(Collected data entries)
────────────────────────────────────────
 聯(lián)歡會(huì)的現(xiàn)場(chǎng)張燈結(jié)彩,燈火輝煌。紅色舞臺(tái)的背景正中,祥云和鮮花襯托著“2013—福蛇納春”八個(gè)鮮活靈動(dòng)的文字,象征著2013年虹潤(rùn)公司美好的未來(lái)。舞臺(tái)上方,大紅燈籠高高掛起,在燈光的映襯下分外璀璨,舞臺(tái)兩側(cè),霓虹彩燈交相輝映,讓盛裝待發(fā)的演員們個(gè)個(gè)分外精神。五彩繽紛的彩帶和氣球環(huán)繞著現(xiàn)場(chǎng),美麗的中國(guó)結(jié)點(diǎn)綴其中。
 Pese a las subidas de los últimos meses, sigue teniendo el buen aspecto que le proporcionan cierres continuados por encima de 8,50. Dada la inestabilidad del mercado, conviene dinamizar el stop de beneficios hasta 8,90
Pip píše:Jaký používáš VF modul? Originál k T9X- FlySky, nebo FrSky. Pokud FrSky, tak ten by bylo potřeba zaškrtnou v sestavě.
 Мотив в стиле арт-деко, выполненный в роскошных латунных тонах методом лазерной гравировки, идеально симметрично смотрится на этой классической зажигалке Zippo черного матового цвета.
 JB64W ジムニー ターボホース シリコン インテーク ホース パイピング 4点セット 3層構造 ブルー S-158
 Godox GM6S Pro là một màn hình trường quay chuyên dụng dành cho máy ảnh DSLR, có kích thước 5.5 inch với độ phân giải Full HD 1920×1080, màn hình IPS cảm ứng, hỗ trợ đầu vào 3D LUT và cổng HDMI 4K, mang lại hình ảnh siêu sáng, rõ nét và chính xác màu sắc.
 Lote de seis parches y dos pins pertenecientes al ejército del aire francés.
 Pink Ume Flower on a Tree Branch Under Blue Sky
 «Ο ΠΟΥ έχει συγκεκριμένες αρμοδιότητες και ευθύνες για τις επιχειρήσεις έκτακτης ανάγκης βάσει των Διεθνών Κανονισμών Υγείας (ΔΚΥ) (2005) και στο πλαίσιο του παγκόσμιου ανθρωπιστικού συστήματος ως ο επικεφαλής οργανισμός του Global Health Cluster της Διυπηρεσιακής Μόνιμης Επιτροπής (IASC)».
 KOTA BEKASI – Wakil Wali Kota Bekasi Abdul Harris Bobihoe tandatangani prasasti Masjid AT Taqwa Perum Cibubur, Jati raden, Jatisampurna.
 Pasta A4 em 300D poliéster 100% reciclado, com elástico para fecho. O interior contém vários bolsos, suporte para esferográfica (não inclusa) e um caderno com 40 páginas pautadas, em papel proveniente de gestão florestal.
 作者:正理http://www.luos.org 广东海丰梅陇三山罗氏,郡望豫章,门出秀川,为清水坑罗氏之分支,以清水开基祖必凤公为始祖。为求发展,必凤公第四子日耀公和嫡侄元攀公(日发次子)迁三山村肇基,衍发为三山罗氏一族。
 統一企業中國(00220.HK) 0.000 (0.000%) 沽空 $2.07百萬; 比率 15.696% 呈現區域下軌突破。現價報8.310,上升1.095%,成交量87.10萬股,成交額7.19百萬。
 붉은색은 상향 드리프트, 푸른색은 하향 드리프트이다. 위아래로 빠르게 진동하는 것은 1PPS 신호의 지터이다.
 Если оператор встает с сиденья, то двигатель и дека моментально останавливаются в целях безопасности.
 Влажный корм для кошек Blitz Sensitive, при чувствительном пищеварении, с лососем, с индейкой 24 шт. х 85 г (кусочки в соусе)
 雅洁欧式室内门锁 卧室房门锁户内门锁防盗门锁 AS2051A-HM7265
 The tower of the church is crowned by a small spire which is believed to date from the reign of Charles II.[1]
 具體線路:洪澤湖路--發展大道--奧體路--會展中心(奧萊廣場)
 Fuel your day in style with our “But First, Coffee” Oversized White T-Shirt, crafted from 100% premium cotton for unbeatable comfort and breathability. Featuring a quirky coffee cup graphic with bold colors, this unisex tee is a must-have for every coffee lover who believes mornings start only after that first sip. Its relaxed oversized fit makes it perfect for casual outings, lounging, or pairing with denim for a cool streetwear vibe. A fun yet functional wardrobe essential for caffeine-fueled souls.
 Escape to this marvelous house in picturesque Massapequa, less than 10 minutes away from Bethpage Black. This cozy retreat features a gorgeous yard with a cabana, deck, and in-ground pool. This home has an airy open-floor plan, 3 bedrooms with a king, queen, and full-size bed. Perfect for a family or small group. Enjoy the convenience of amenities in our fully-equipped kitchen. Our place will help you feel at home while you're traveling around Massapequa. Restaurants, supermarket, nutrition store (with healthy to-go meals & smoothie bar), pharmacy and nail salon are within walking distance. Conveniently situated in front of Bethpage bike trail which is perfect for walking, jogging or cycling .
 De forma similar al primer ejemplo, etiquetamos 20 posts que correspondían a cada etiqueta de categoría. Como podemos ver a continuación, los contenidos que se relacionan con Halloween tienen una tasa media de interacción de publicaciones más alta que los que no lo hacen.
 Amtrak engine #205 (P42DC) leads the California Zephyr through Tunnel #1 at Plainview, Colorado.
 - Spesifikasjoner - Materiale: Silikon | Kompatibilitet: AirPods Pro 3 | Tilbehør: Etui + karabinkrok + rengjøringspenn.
────────────────────────────────────────
→ What you have to do
Tally up how many lines in the records contain the string "small". Answer with that figure only.

→ Output below
2